Know why the IRS is asking for information and how it will be used.
Challenge the IRS’s position and appeal decisions.
The right to representation is another important taxpayer right. Taxpayers can choose to represent themselves, or they can authorize a qualified tax professional, such as a CPA, Enrolled Agent, or tax attorney, to represent them. When a representative is authorized, they can communicate directly with the IRS on the taxpayer’s behalf, often attending meetings and providing requested information.
If a taxpayer is uncomfortable at any point during an in-person interview, they have the right to halt the discussion to consult with their authorized representative. The representative can guide the taxpayer on how to respond to questions and provide supporting documents.
The audit process culminates in one of three possible outcomes, providing clarity on the tax return under review.

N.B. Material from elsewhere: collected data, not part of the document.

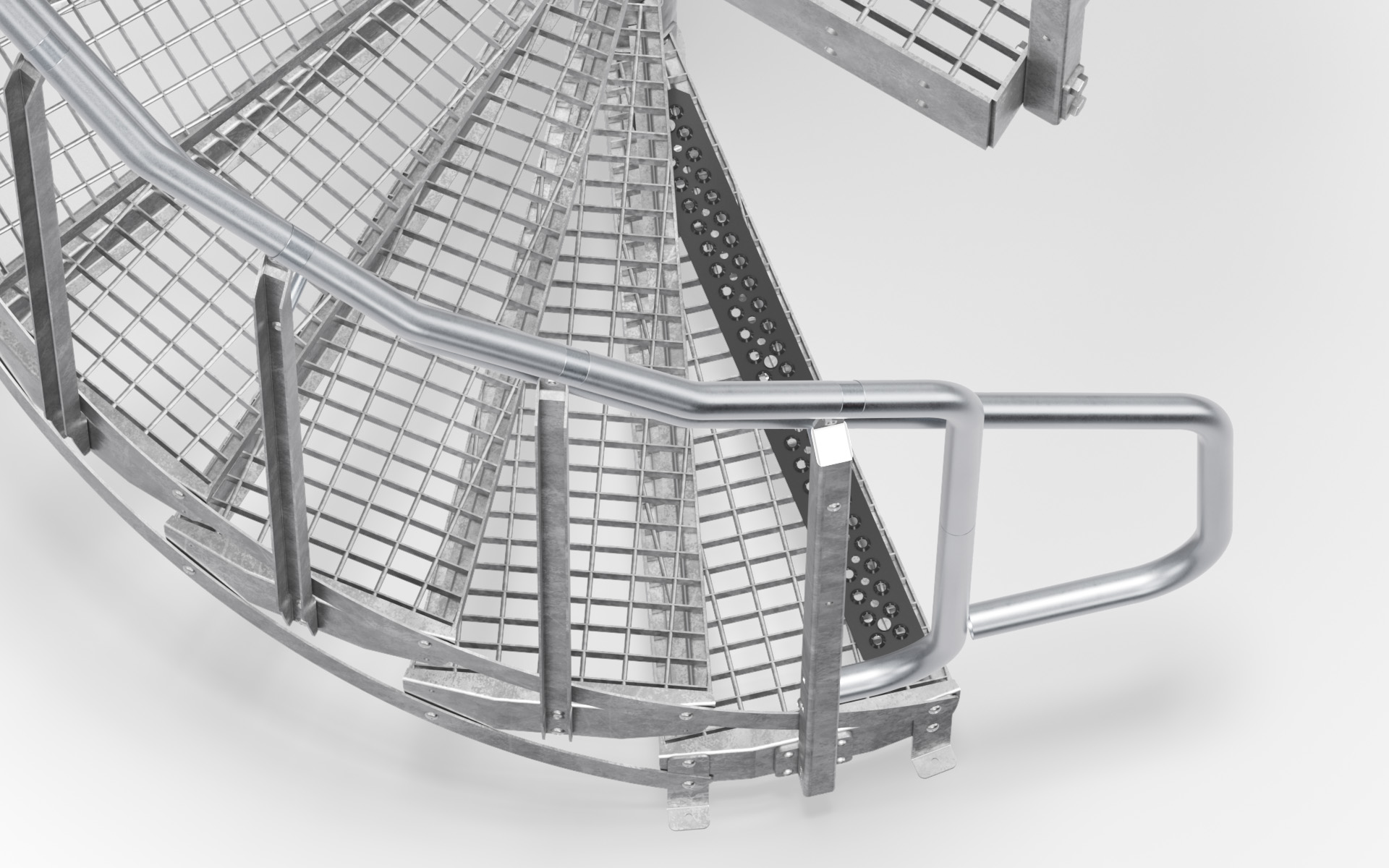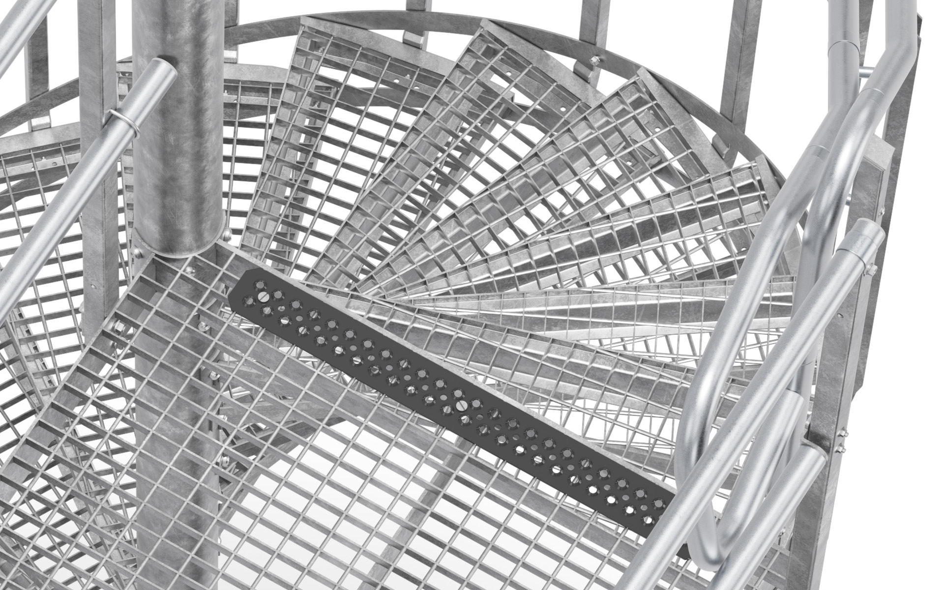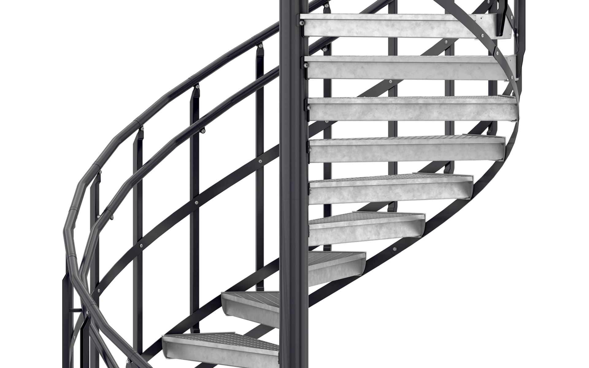 Vores spindeltrapper til udendørs brug leveres som DIN-varmgalvaniserede. Afvigende overfladebehandling efter forespørgsel. Overfladebehandlingen udføres i vores egen fabrik og er stabil mod dagligdags belastning. Vores moderne moderne forzinkningsmetode giver en særlig korrosionsbeskyttelse. Foruden er der på forespørgsel mulighed for at få spindeltrappen lakeret i standardfarver til indendørs og udendørs brug. For mere information, besøg vores overfladebehandlingsside.
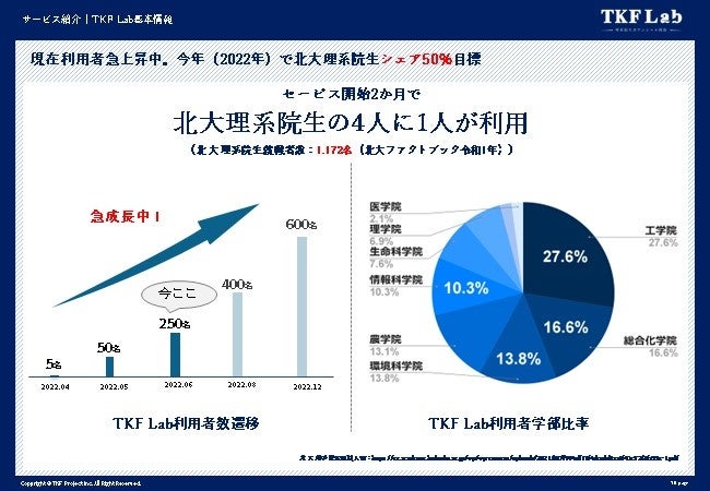 北大発スタートアップ企業認定:株式会社TKF Projectは、新サービス、北大理系学生向けサービス『TKF Lab』をリリースしました。今年中に、北大理系学生50%シェア目標。
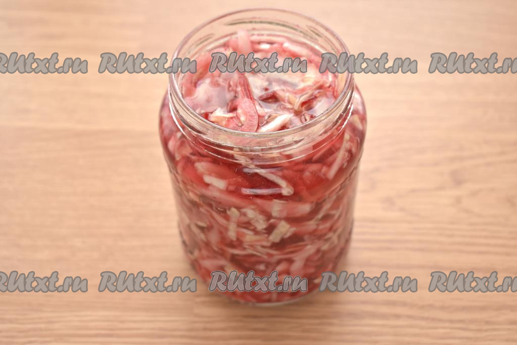 Для удобства маринования овощи вместе с маринадом перекладываем в банку (я взяла банку объёмом 1 литр), прикрываем крышкой и ставим в холодильник на 5-6 часов.

The first outcome is a “no change” result, meaning the IRS accepts the return as filed without any adjustments. This indicates that the taxpayer has successfully substantiated all reviewed items.
The second outcome is an “agreed” case, where the IRS proposes changes to the tax return, and the taxpayer understands and consents to these adjustments. If the taxpayer agrees, they will typically sign a form, such as Form 870, Waiver of Restrictions on Assessment and Collection of Deficiency in Tax, which formalizes their agreement to the proposed tax increase or decrease. This agreement generally leads to either an additional tax payment or a refund.
The third outcome is an “unagreed” case, which occurs when the taxpayer understands the IRS’s proposed changes but disputes them. In such instances, the IRS will generally issue a 30-day letter (such as Letter 525 or 950). This letter outlines the proposed adjustments and informs the taxpayer of their right to appeal the decision within 30 days.
The appeals process offers an opportunity to resolve disagreements without resorting to litigation. The IRS Appeals Office is an independent administrative body within the IRS, separate from the examination division that conducted the audit. Its mission is to resolve tax controversies fairly and impartially, considering the facts and applicable tax law from both the taxpayer’s and the IRS’s perspectives. This office can also consider the “hazards of litigation,” meaning the likelihood of either side prevailing if the case were to go to court.
If an agreement cannot be reached at the Appeals Office, the taxpayer still has recourse through the judicial system. They have the option to petition the U.S. Tax Court. This step allows for an independent judicial review of the dispute. If the Tax Court is petitioned, the case may still be settled out of court, but it provides a formal legal avenue for resolution.
Upon the conclusion of an audit, whether agreed or determined through the appeals or court process, any additional tax due will be assessed, along with applicable interest and penalties. Conversely, if the audit results in an overpayment, the taxpayer will receive a refund. The IRS provides instructions on how to pay any outstanding balance or how refunds will be issued.